Conversations with a Video Game Developer – Jan Kozlowski of Breakfall

August 7, 2014
Starwhal Cover Photo

As much as we love to blog about our experiences making food and drinks, there comes a time when we want to blog about other sh!t too, and today is that day. With a few glasses of Mama Juana in hand, we sat down with Jan Kozlowski from Breakfall, to discuss his experience making the wickedly awesome video game, Starwhal.

Recently playable at this year’s Electronic Entertainment Expo in Los Angeles, as well as the Evolution 2014 Championship Series in Las Vegas, Starwhalwas met with tears of joy and laughter from fans of competitive arcade action. The game is currently available on Steam Early Access, with the Release Version scheduled to follow in the early Fall. The game is also scheduled for release on Wii U, Playstation 3, and Playstation 4 this Winter.

Check out the trailer before jumping into our conversation with Jan, below.

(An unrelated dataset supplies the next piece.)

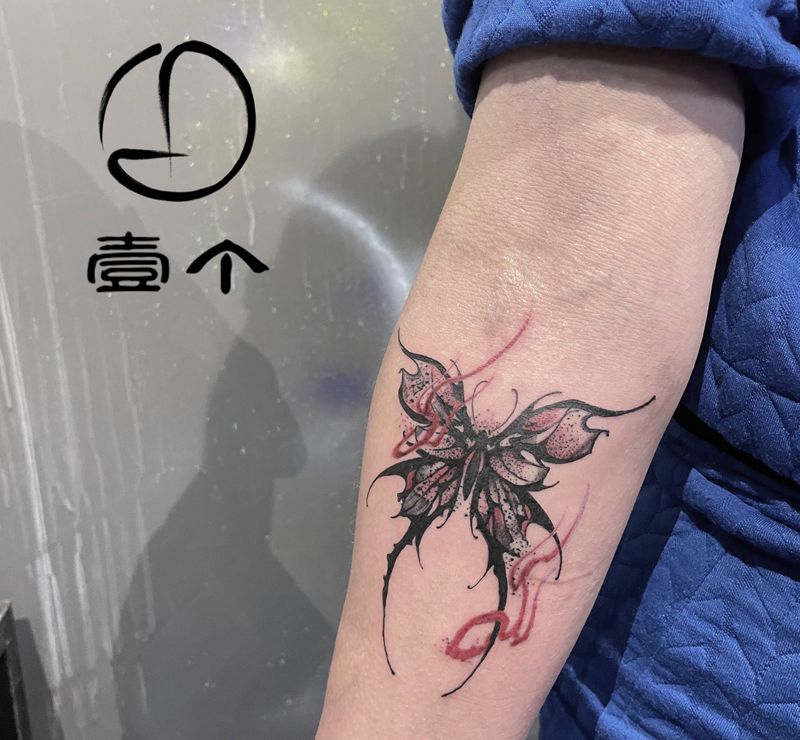 当前位置: 首页 >新疆伊犁哈萨克自治州纹身店-荼刺青墙绘工作室纹身图案>蝴蝶纹身图片_水彩点刺纹身图案
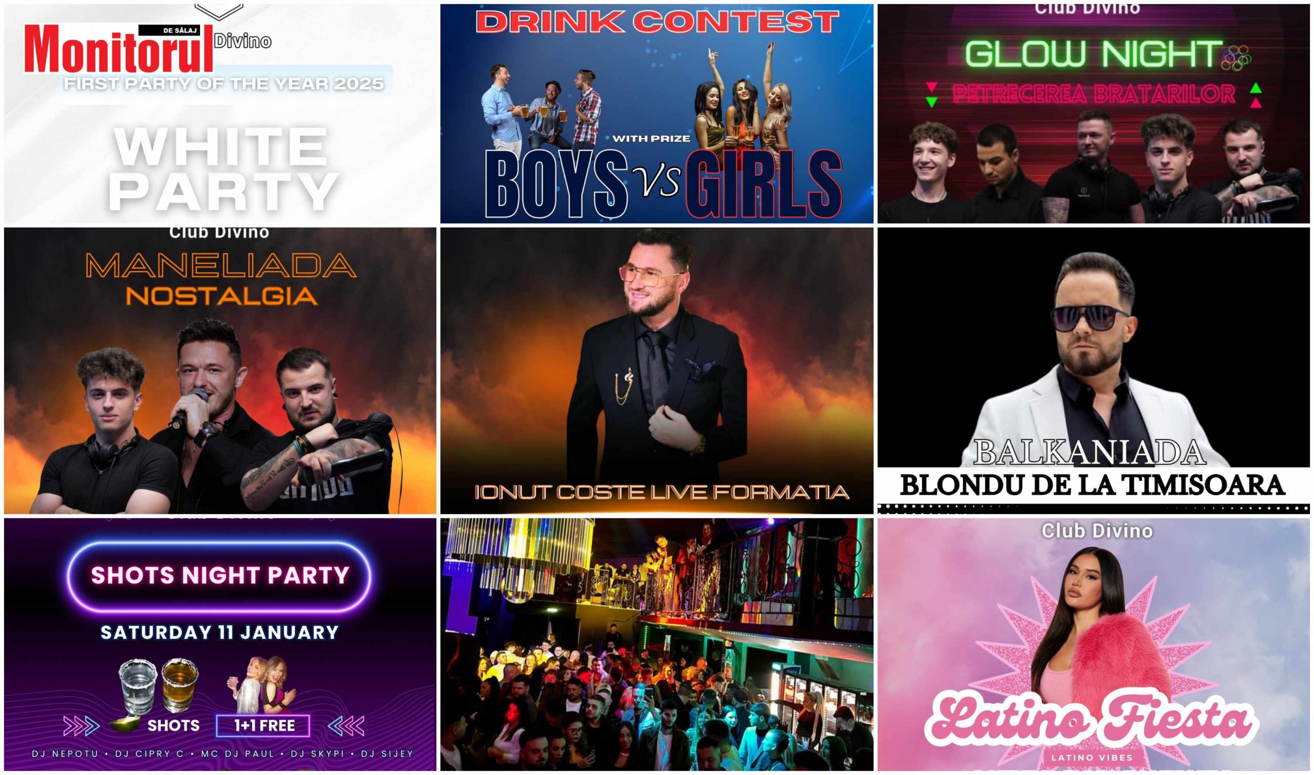 Clubul Divino din Zalău revine în forță cu o nouă serie de evenimente tematice speciale. În fiecare vineri sunt organizate petreceri cu invitați speciali din lumea muzicii de petrecere – Bogdan de la Ploiești, Culiță Sterp, Andia, Ionuț Coste cunoscutul artist zălăuan, Blondu de la Timișoara, dar și mulți alți artiști care vor urca pe scena clubului pentru a distra sălăjenii.

Jan Kozlowski - Photo by ADV Photography

Jan Kozlowski – Photo by ADV Photography

FMMS: Starwhal is a retro-inspired game that lets you and your friends control a floppy narwhal in an epic space battle to the death! How long have you had the idea for this game?

Jan Kozlowski: We created the original prototype version of STARWHAL at Global Game Jam 2013, a 48-hour competition where you basically try to make a game in a weekend. The team got together and discussed for several hours what kind of game we wanted to make. The theme that year was just an audio clip of a heart beat, and around that time several of us were pretty obsessed with Get on Top (by Bennett Foddy, creator of QWOP). We were pretty much settled on the idea of a making a two player versus game with some silly-looking physics. At first, we were thinking about doing it with unicorns, but after realizing that they’d be too complicated to implement and animate in a short time frame, we settled on narwhals; which sound even more ridiculous than unicorns, but are actually real!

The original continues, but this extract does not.